Thursday, August 31, 2006

Changes

I am sitting at work, trying to install an update on the server for one of our software programs and it isn't working. I am a bit annoyed, but whatever. It looks like the server will need to be re-booted. Joy. And I just got busted typing this entry.

My sister is moving to Chi-town in a week and I am beginning to get nervous. I simply don't know what I am going to do without her here. I know I will survive, but that doesn't make the emininent loss any easier to deal with right now. Her move has really put a fire under me to go to DC.

Lots of things feel like they are shifting right now. I am having a hard time committing to anyone or anything. My boss says all he needs is a pinky swear that I will be here 6 months and I will have a raise. I don't know if I can pinky swear that (I am trying to be impeccible with my word).

I think I am scared that I will become needy once my sis departs. Neediness is not hot nor is it cool. I keep telling myself that being scared of it means it won't happen, but alas, I guess we won't know for a week or so. Maybe I will become a recluse. Maybe I cry a lot next Wednesday and be done with it. Maybe it won't be as big a deal as I fear. Invest in kleenex stock just in case...

Sunday, August 06, 2006

Choices and The Barista

I am feeling a bit introspective today and am listening to the song that was popular in Spring of 1999. It was the one where the guy is talking to a graduating class and it starts off with him saying the only advice that he knows for certain is to wear sunscreen and then goes on with little tips on how to live your life. It is a great song and there is one part I will paraphrase that really applies to where I am now. Basically, don't praise yourself or berate yourself too much because your choices are half chance, just like everyone else's. My wise friend, Calabaza, told me once there is no wrong choice because there is no right choice. In a way, that is liberating, but in a way, that offers me no guidance. If there were a "correct" choice, I could firgure out a way to discern that and then, obviously, take that route. But it could never be so simple. Black or white.
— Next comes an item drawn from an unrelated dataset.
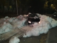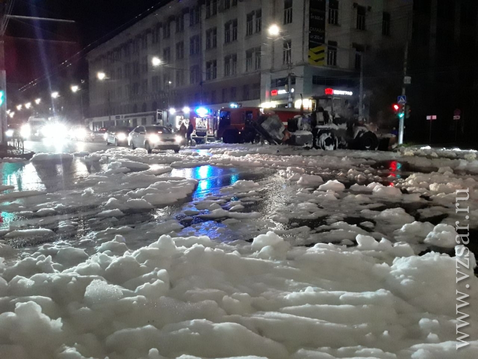 Трактор сгорел полностью. Весь перекресток у гостиницы "Олимпия" был залит пожарной пеной.

The older I get, the more I realize there is no such thing for many of life's qustions. This isn't a new revelation to me, but every once in a while, it hits me harder than others.

The barista at the coffee shop I am at is cute. I keep stealing glances at him and so far, he has not caught me. I look really hot today, thank goodness. Damn, he knows he's cute. Confidence is attractive; cockyness is not. Maybe he missed that memo. Maybe I have judged him too quickly. Hopefully.

Friday, August 04, 2006

Sono ai tuoi comandi and "if you build it..."
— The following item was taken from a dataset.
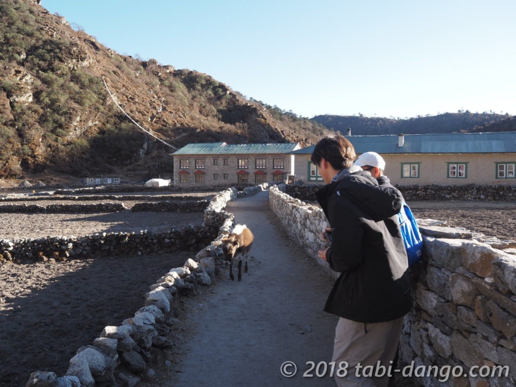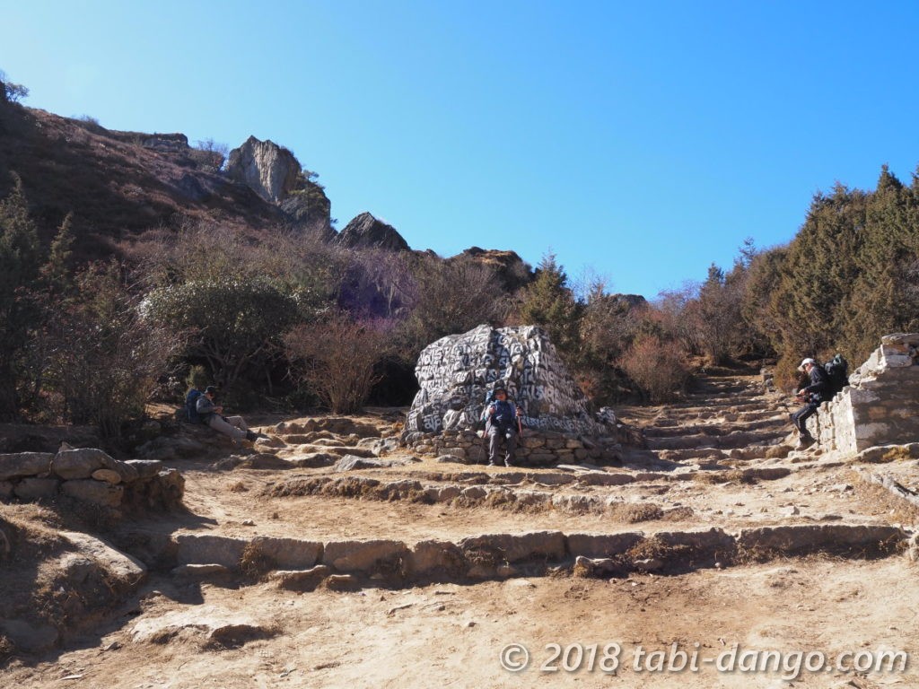 クムジュンへはナムチェへ戻るような向きで坂を上っていきました。ナムチェで2泊して高度順応できたと思っていたのに上り坂は全然楽になりません。40分ほど歩いてようやく村の端に着きました。

"I am yours to command". These are words I never hope to hear from any man of mine, unless we are roll playing and even then, I am so not into controling people. My buff Gondalier is named Roberto M and has very large pectorals. It appears he may be a bit of a but-his-face due to the fact that he is turned away from the viewer and his hair looks a bit frizzy under his gondalier hat. I guess one can't have it all.

I have a wee update. I applied for a job in DC working for a Senator and I don't think my chances are good, but dang it, I applied!! I was so scared sending off the cover letter and resume combo. Why am I scared- this could be it, folks! Landing the dream job. Or they could ignore me. Either way, it is a bit emotional. Capitol Hill is where I want to be. I want to move to DC and it would be great to have a job. A stellar job. Working for a US Senator. I definitely don't want to count my chickens before they hatch so just keep your fingers crossed that I get an interview. I will apply for another job locally as well and just keep plugging away until one day I have something new.

My sister said that it sounds a bit like, "if you build it", they will come. Please let that be true. Please.